▶ [WORK TASK]: Go through the listing below and write out exactly the lines from the one that mentions "歯歯五 雅憲さんの総格は63画の4点!" through the one that mentions "Габариты корпуса тумбы", minus the pictures.

▶ [RECORDS SUPPLIED]:
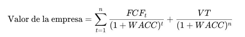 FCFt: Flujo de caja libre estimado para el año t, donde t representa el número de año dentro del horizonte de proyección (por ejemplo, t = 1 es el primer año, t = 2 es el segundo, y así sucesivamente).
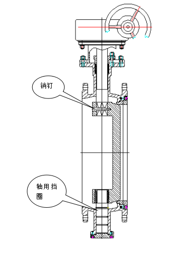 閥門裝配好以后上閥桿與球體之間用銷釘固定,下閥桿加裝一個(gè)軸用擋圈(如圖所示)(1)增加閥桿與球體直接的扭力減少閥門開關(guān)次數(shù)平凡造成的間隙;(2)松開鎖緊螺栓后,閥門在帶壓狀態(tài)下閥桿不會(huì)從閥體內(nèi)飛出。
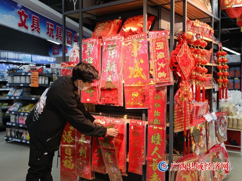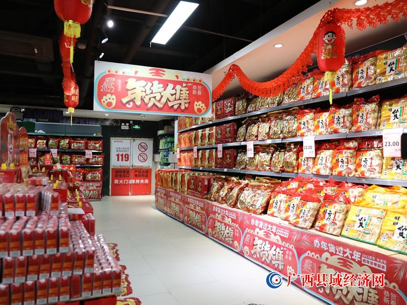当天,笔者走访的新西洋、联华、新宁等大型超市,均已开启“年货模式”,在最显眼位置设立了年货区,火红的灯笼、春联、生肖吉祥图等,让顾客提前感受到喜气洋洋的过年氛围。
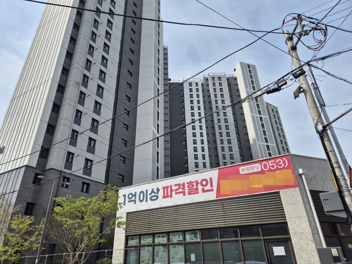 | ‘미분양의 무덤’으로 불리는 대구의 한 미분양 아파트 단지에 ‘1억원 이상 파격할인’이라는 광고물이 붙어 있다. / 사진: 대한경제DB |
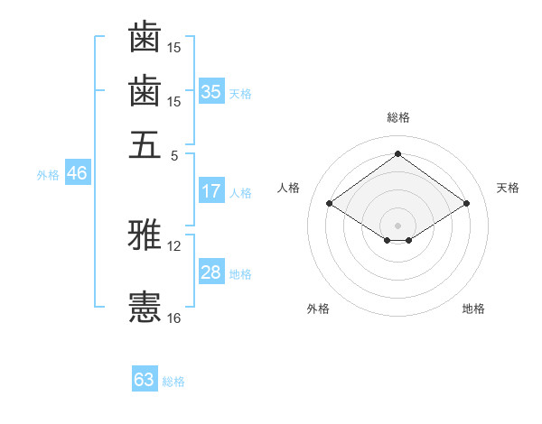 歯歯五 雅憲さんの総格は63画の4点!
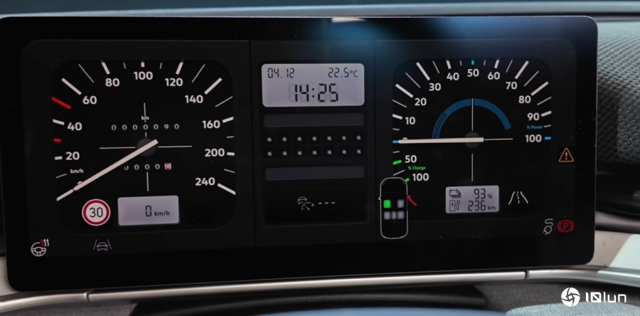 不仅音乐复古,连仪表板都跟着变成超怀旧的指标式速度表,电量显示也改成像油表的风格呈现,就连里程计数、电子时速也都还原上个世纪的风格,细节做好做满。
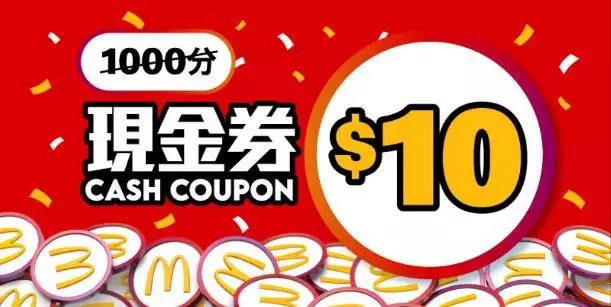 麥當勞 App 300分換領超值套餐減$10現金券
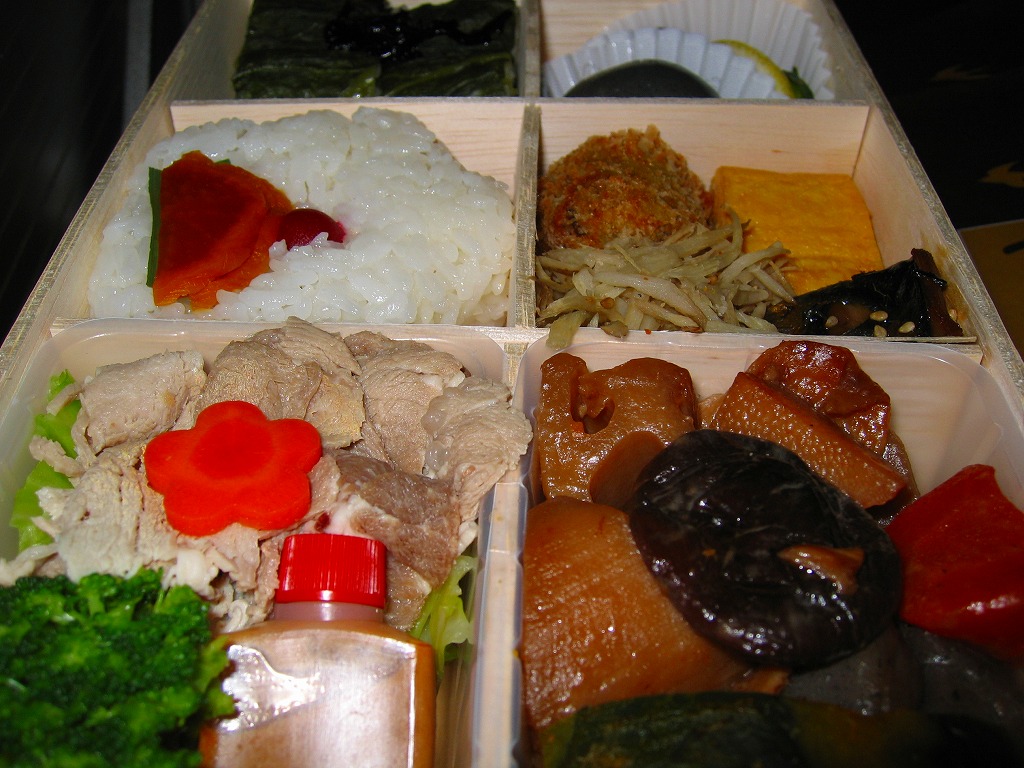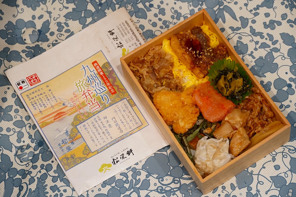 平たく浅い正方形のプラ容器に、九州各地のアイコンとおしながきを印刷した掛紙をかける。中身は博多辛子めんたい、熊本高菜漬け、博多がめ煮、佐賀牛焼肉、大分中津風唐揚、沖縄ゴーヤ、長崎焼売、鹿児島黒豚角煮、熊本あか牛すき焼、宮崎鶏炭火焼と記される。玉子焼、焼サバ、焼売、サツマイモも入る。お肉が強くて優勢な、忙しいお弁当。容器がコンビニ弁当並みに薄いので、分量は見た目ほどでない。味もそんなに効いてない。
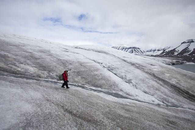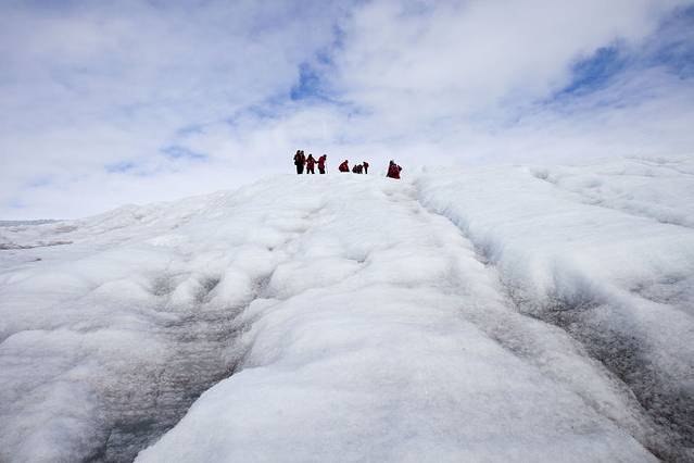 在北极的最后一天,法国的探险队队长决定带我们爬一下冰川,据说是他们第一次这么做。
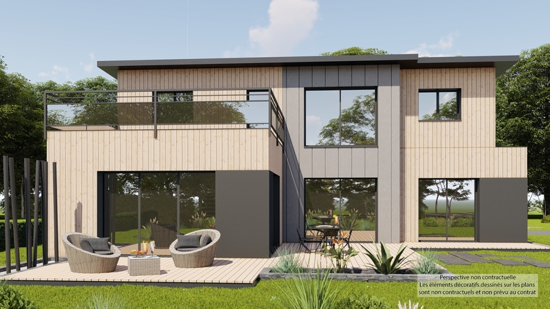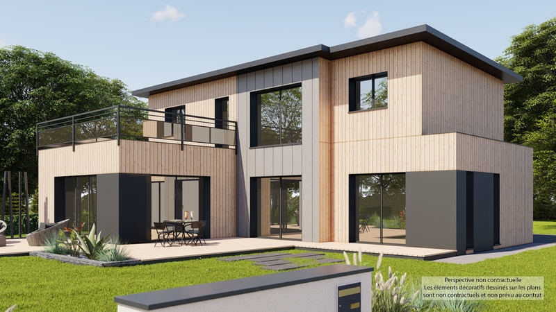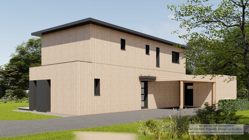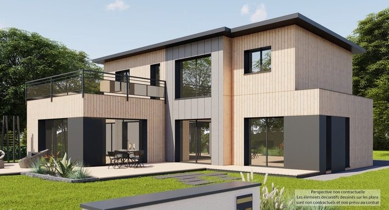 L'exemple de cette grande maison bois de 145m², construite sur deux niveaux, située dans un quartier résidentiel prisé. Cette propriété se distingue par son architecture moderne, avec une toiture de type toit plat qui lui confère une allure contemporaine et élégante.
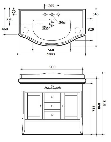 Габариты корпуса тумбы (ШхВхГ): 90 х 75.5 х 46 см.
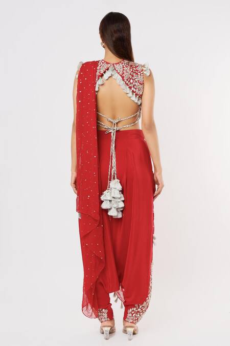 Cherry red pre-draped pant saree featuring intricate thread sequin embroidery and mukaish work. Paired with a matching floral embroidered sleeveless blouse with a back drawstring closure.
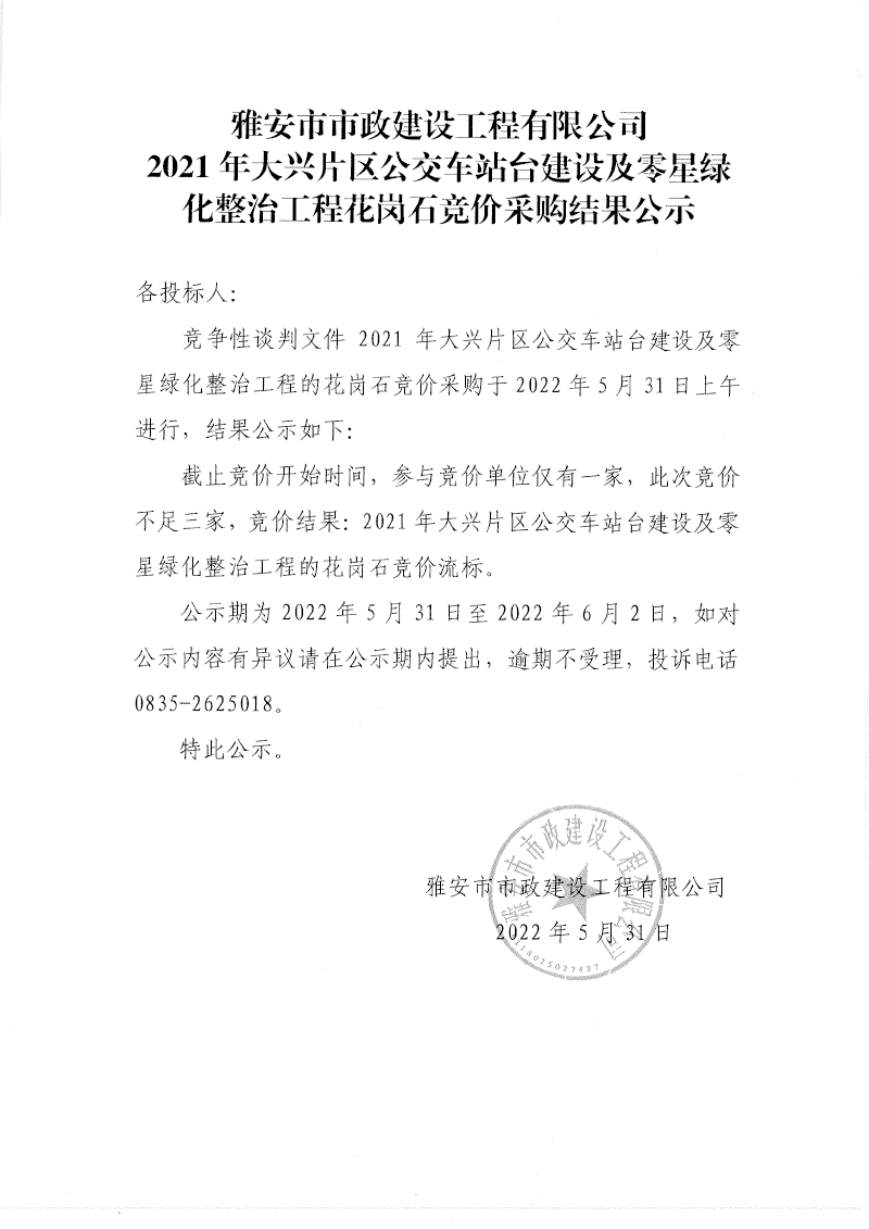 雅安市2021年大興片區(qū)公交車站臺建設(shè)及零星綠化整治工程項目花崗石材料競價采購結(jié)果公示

...

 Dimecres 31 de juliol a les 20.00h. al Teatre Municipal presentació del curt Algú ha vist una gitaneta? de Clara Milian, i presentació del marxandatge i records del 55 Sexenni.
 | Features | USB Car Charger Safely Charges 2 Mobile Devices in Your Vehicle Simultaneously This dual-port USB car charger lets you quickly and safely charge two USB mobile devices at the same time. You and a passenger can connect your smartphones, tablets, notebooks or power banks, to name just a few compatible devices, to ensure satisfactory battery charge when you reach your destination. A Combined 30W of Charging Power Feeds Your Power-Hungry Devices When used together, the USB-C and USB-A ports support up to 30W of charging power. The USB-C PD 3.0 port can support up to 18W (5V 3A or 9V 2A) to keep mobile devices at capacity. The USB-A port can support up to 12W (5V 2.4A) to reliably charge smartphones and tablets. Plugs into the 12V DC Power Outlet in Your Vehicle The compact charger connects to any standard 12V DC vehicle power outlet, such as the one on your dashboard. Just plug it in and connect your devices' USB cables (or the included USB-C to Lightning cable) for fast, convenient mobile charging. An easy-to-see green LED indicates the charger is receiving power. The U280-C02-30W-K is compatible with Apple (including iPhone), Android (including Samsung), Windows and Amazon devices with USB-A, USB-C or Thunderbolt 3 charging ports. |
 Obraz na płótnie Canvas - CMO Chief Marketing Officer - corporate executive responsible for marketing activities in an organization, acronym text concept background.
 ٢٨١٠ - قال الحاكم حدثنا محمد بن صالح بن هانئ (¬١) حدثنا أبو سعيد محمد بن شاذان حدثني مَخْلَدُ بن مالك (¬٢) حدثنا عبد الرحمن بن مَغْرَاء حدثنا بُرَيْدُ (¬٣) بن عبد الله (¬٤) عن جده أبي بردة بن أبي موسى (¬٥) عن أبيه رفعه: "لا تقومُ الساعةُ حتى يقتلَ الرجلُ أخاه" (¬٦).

--

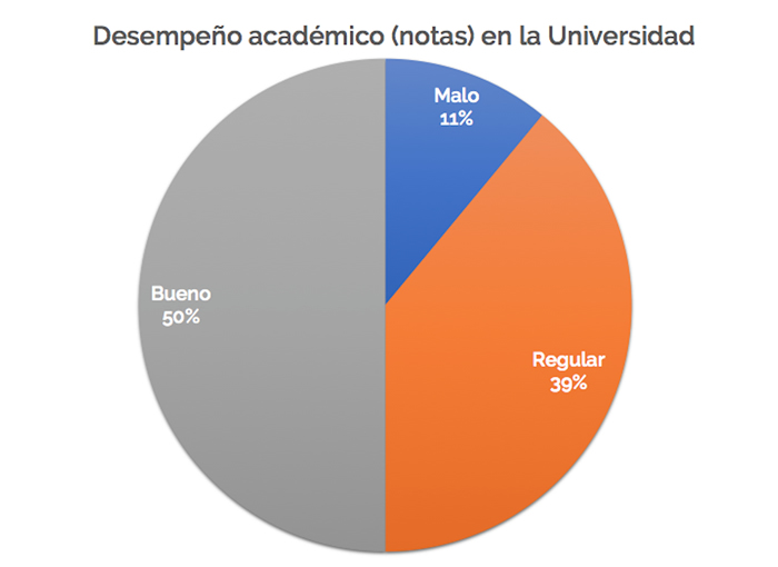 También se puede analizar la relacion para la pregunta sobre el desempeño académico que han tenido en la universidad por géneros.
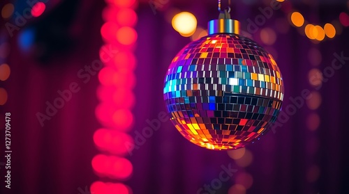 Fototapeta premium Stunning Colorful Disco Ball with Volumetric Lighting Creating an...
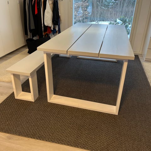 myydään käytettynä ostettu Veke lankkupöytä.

▶ [WORKED SOLUTION]:
 歯歯五 雅憲さんの総格は63画の4点!
 不仅音乐复古,连仪表板都跟着变成超怀旧的指标式速度表,电量显示也改成像油表的风格呈现,就连里程计数、电子时速也都还原上个世纪的风格,细节做好做满。
 麥當勞 App 300分換領超值套餐減$10現金券
 平たく浅い正方形のプラ容器に、九州各地のアイコンとおしながきを印刷した掛紙をかける。中身は博多辛子めんたい、熊本高菜漬け、博多がめ煮、佐賀牛焼肉、大分中津風唐揚、沖縄ゴーヤ、長崎焼売、鹿児島黒豚角煮、熊本あか牛すき焼、宮崎鶏炭火焼と記される。玉子焼、焼サバ、焼売、サツマイモも入る。お肉が強くて優勢な、忙しいお弁当。容器がコンビニ弁当並みに薄いので、分量は見た目ほどでない。味もそんなに効いてない。
 在北极的最后一天,法国的探险队队长决定带我们爬一下冰川,据说是他们第一次这么做。
 L'exemple de cette grande maison bois de 145m², construite sur deux niveaux, située dans un quartier résidentiel prisé. Cette propriété se distingue par son architecture moderne, avec une toiture de type toit plat qui lui confère une allure contemporaine et élégante.
 Габариты корпуса тумбы (ШхВхГ): 90 х 75.5 х 46 см.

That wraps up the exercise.